Dual roles: I thoroughly enjoy my position, and it has been an honor to be appointed as chief legal, which allowed me to serve as a reserve military lawyer while still serving veterans. Collaboration with chief legal counsels, AGs in other state agencies, and state government officials is pretty cool.
Leadership: Working as a government lawyer has provided significantly more leadership opportunities than in the private sector. The WDVA has augmented my military leadership experience earned in active-duty Air Force (RED HORSE), active-duty Army, while deployed, along with and many years later as a Wisconsin Guard judge advocate.
Public servant: I have served as chief legal under four Secretaries, both a Republican and a Democratic governor, and three Adjutant Generals in the Wisconsin Guard. My role has allowed me to serve veterans in a cause bigger than myself. It has also provided me with the security of deploying in support of Operation Enduring Freedom-HOA, a tour in Bavaria, Germany, and staff Covid, political convention, and security missions, without having to worry about a job on return.
What are the biggest challenges and how has the role evolved?
The role has evolved from being a classified position as a full-time state employee to that of a Secretary-appointed position under the authority and approval of the governor.
Some prominent challenges include the significant increase in public records requests. Many requests are complex and require interagency coordination, while some generate tens of thousands of pages of records, requiring high-level attention to detail.
One of the perks is getting to attend meetings in the Governor’s Conference Room, which is historical and exquisitely decorated. I appreciate the historical significance of that room. On its ceiling are the words: “The progress of a state is born in temperance, justice and prudence,” which I find to be very wise advice. I always rub the nose of the bronze badger at the entrance for good luck.
Why did you choose the career path you did and what words of advice would you have for attorneys interested in pursuing this type of legal work?
After my enlisted service, while pursuing an MBA, a professor asked me if I ever considered law school – I loved to read, write, and argue. I hadn’t, and he inspired me to change my majors to public administration and political science and join the debate team. I interned at a district attorney’s office. At Marquette, I gravitated to the trial advocacy curriculum and moot court.
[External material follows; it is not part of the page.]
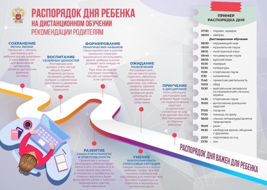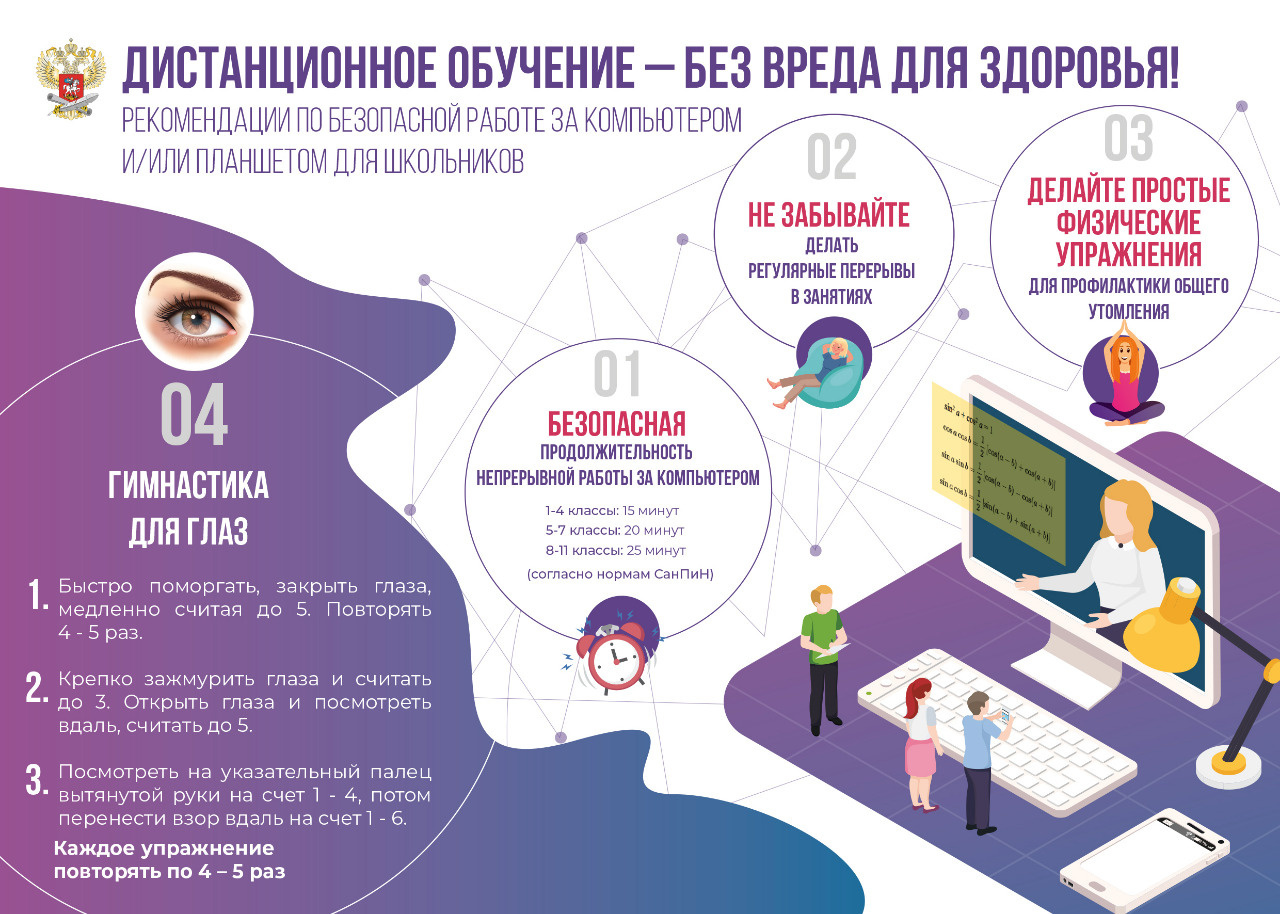 В соответствии с переходом на дистанционное обучение в целях сохранения здоровья школьников и правильной организации режима дня Министерство просвещения Российской Федерации разместило инфографику с рекомендациями для школьников и родителей по ведению здорового образа жизни в период дистанционного обучения.

By the time I graduated, I had tried both a criminal and a civil jury case.
I first cut my teeth in general practice and public defender trial work in Milwaukee, then focused on plaintiff’s and insurance defense litigation statewide. I later refined my practice to business litigation and healthcare law in Madison. Commissioning as a judge advocate in 2008-09 (Army), after my years in private practice, I found it difficult to balance military service with the 50-70-hour workweeks required for me to meet billable targets. I actively sought out a state position and was hired by the Department of Safety and Professional Services.
I am grateful to the private sector for providing exposure to a wide variety of legal issues, but I have found gratification in my public servant role. The state offers more structure, collaboration, better health insurance, work-life balance, and a pension.
If my story resonates, my advice for interested attorneys is to monitor Wisc.Jobs for state jobs and USAJOBS for federal. For new lawyers and law students, agencies are always on the lookout for interns or limited-term employees. These positions get your toe in the door for a full-time position. Finally, to any lawyer interested in becoming a judge advocate, Wisconsin Lawyer magazine frequently lists openings for that position with the Wisconsin National Guard.
» Cite this article: 99 Wis. Law. 28-29 (March 2026).